В качестве детектора Вебер использовал полутораметровый алюминиевый цилиндр радиусом 30 см и массой в полторы тонны. Цилиндр максимально изолировался от случайных воздействий – его подвешивали в вакуумной камере на проволочных креплениях. Собственные колебания цилиндра с частотой 1661 Герц после возбуждения затухали примерно за 10 секунд, то есть он успевал совершить до 100 тысяч колебаний. Чувствительность детектора была столь велика, что он мог регистрировать сокращение длины порядка 10-15 см. Механические колебания, вызванные каким-то внешним импульсом, преобразовывались в электрические сигналы специальными пьезоэлектрическими датчиками, укрепленными посреди цилиндра. Совершенно такая же регистрирующая система была смонтирована почти за 1000 км от основной лаборатории*.
*Один из цилиндров находился в лаборатории Мэрилендского университета, другой – недалеко от Чикаго, в Аргоннской Национальной Лаборатории.
Вскоре после начала опытов Вебер отметил, что в обоих цилиндрах в среднем раз в две недели одновременно возникают колебания, и никаких причин, кроме возможной регистрации искомых волн, для этих колебаний не видно. Более того, Вебер рассчитал местонахождение источника излучения где-то в центре Галактики.
Публикация результатов прозвучала сенсационно и в то же время вполне реалистически: в неизбежность этого открытия верили более полувека. Трудно назвать хоть одно физическое явление, к открытию которого физики были бы морально готовы в такой степени.
Но очень быстро наступил более пессимистический момент. Теоретики сообразили, что поток излучения, зарегистрированный приборами Вебера (10-3 – 10-1 Bт/см2), слишком велик – необходимо еще придумать источник, способный к столь активной генерации.
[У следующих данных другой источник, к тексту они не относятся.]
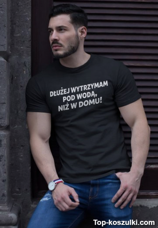Ta śmieszna koszulka pod wodą mówi to, co wielu myśli, ale nie każdy ma odwagę powiedzieć na głos. Hasło „DŁUŻEJ WYTRZYMAM POD WODĄ, NIŻ W DOMU!” to czysty, lekko bezczelny żart, który momentalnie rozładowuje atmosferę 😅

Если бы центр Галактики излучал именно так, то он попросту целиком высветился бы в форме гравитационных волн примерно за 10 миллионов лет, что в 1000 раз меньше минимально допустимого возраста Галактики.
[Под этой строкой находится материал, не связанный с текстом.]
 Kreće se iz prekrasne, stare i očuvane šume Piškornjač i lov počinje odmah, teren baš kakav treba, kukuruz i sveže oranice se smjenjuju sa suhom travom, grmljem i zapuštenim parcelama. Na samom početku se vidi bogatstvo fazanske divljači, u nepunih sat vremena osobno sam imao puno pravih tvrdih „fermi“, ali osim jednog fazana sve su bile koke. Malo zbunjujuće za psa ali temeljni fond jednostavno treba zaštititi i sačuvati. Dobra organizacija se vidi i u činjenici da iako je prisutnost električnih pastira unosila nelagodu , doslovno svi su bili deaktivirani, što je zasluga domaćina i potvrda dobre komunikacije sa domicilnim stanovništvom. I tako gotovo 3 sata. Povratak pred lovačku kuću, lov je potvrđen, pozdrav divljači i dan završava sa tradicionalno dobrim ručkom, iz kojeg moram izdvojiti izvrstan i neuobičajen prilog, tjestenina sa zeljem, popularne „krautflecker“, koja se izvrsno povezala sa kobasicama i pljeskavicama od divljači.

Так родилась любопытнейшая проблема – что именно зарегистрировано в опытах Вебера? По этому поводу формулировались самые разные гипотезы, но окончательной ясности так и нет.
Ясно только, что официальное открытие гравитационных волн еще не состоялось. Вебер сделал шаг в нужном направлении, но его данные пока нельзя интерпретировать так, как хотелось бы. Тем более, что прокатившаяся по всему миру "гравитационно-волновая лихорадка", сопровождавшаяся еще более прецизионными измерениями, дала обескураживающие результаты. Ни одна лаборатория не смогла воспроизвести нечто даже близко напоминающее веберовские достижения.
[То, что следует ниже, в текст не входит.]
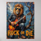 This striking artwork features a cool lion, sporting sunglasses and a leather jacket, intensely playing an electric guitar while perched on the gnarled branches of a bare tree. A textured blue and white sky forms the backdrop. The painting's thick, expressive brushstrokes give a dynamic and raw energy to the scene, perfectly conveying the "Rock or Die" spirit.
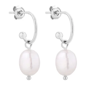 Srebrne kolczyki z naturalnymi nieregularnymi perłami. Całość wykonana ze srebra 925. Zapinane na sztyft. Kolczyki posiadają zapięcia (baranki). Długość kolc...
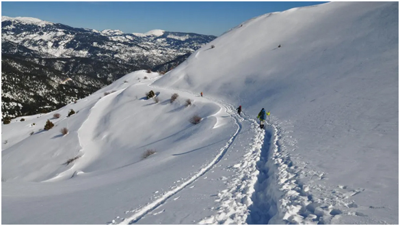 December 27, 2025: Christmas laga din techarta hikers hare jai tohmurekena pai she, beshe snow gereahomoite tai khan snow lagabetortedabaideshe aro mure jai she, Vardousia Mountains, Greece te.

Остается надеяться, что проблема обнаружения гравитационных волн все-таки не перейдет по наследству в 21 столетие. Для ее решения прилагаются очень серьезные усилия. И даже небольшая вероятность положительного результата вполне их окупает.
Дело в том, что гравитационные волны с большой степенью вероятности могут послужить ключом к решению фундаментальнейших задач – от физики элементарных частиц до космологии.
Реликтовые гравитационные волны должны нести информацию о самых ранних эпохах космологической эволюции. Из-за слабости взаимодействия гравитационные волны очень рано отрываются от остальных видов материи, и с их помощью мы смогли бы заглянуть едва ли не в Сингулярность, во всяком случае, по современным представлениям, ни один иной реликт не способен напрямую рассказать о состоянии Вселенной в планковскую эру t ~ tP. Таким образом, они дают абсолютный хронологический зонд, несут на себе отпечаток самой ранней истории, включая Первовзрыв.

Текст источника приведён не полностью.